* **What is expected**
Exactly the lines from the beginning of the records below through the line with "这款亮见DSJ-5GK智能工" must be given again, without pictures.

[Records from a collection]
• • • •
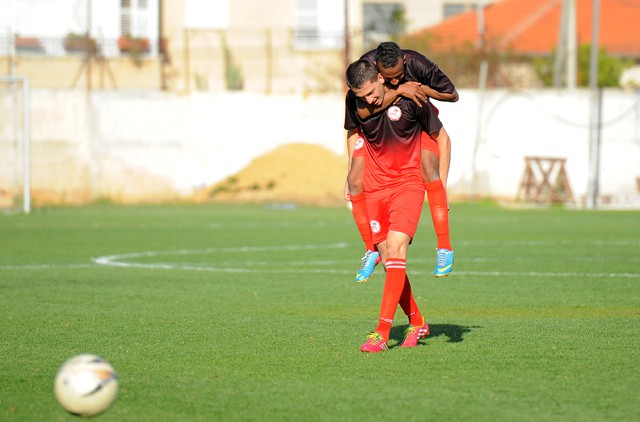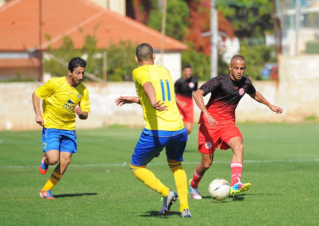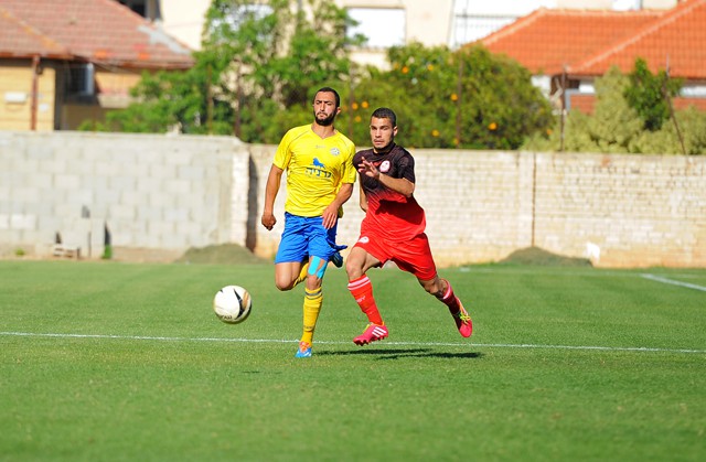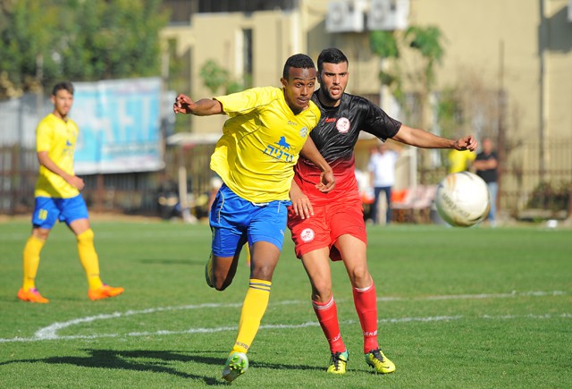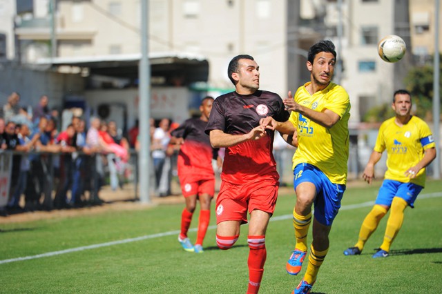 אור אלקבץ וחגי יצחק במרוץ אל הכדור. ( צילום:רמי גרידיש)
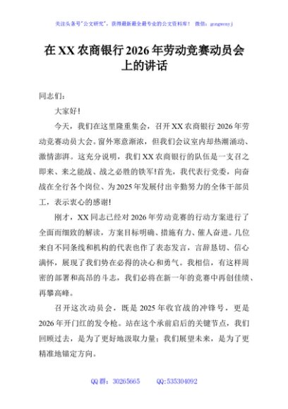 / 在XX农商银行2026年劳动竞赛动员会上的讲话
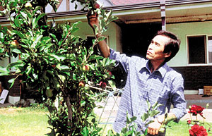 | <평생을 4-H와 함께해 온 이관수 회장이 정원수를 돌보고 있다.> |
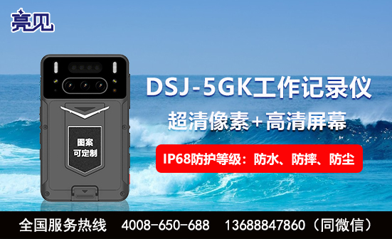 这款亮见DSJ-5GK智能工作记录仪为业内超薄执法仪,采用3.1寸超高清显示触摸屏,具有优良的防护性能,防护等级高达IP68。配置两块手机用莱卡小镜头,4200万超高清像素,自动光学对焦、白昼自动切换。具备良好的续航能力,采用14纳米主控芯片,超低功耗,采用可更换电池供电,更换电池不断电,延长使用时间。
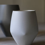 Sun Kim has eloquently hand-crafted this geometric, open vessel. Her making process involves wheel throwing, hand building and assembling. Kim produces functional pieces that re-examine traditional techniques, producing sophisticated contemporary vessels inspired by architecture and nature. The construction of this stoneware vessel is particularly refined, featuring a distinct geometrical silhouette. It has a wide, circular mouth and voluminous body. This piece features subtle, linear haptic marks in a soft, light-grey matte glaze offset with an uncoloured gloss stoneware interior. This piece will work well individually or as part of a group.
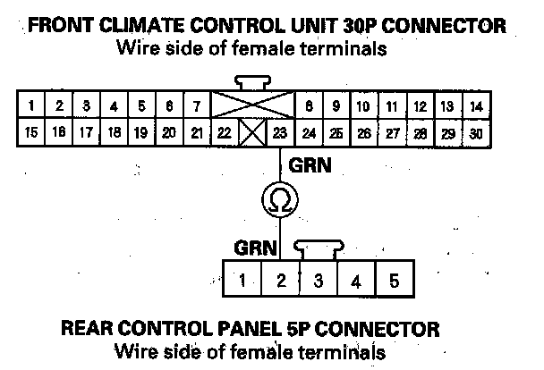 NO - Repair an open in the wire between the front climate control unit 30P connector and the rear control panel 5P connector.
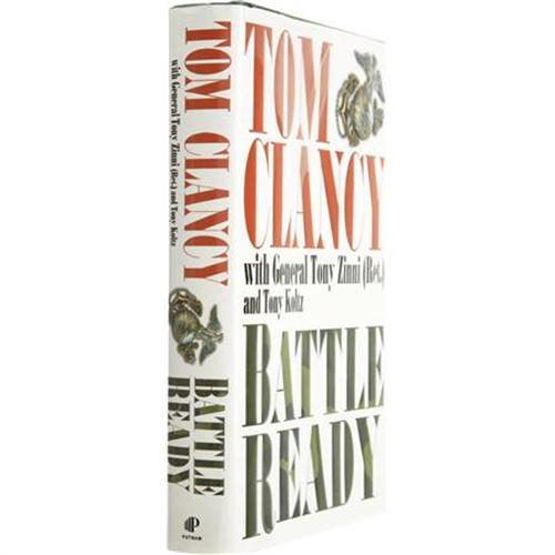 <B>Tom Clancy: Signed </B></I><B><I>Battle Ready</B></I></B></I> (New York: G. P. Putnam’s Sons, 2004), first edition, 450 pages, green binding with cloth spine and gold lettering, 8vo (9.25” x 6”), dust jacket (in protective sleeve). In <I>Battle Ready</B></I>, Clancy switched his focus from the historical Cold War to the current turmoil in the Middle East. The half-title page is signed <I>“Tom Clancy”</B></I>.<I> </B></I>The book is in very good condition with minor wear on the spine; the dust jacket is fine.<BR><BR><b>Shipping:</b> Books & Catalogs (<a target="_blank" href="http://www.heritageauctions.com/common/shipping.php">view shipping information</a>)
• • • •
* **Output**
 אור אלקבץ וחגי יצחק במרוץ אל הכדור. ( צילום:רמי גרידיש)
 / 在XX农商银行2026年劳动竞赛动员会上的讲话
 | <평생을 4-H와 함께해 온 이관수 회장이 정원수를 돌보고 있다.> |
 这款亮见DSJ-5GK智能工作记录仪为业内超薄执法仪,采用3.1寸超高清显示触摸屏,具有优良的防护性能,防护等级高达IP68。配置两块手机用莱卡小镜头,4200万超高清像素,自动光学对焦、白昼自动切换。具备良好的续航能力,采用14纳米主控芯片,超低功耗,采用可更换电池供电,更换电池不断电,延长使用时间。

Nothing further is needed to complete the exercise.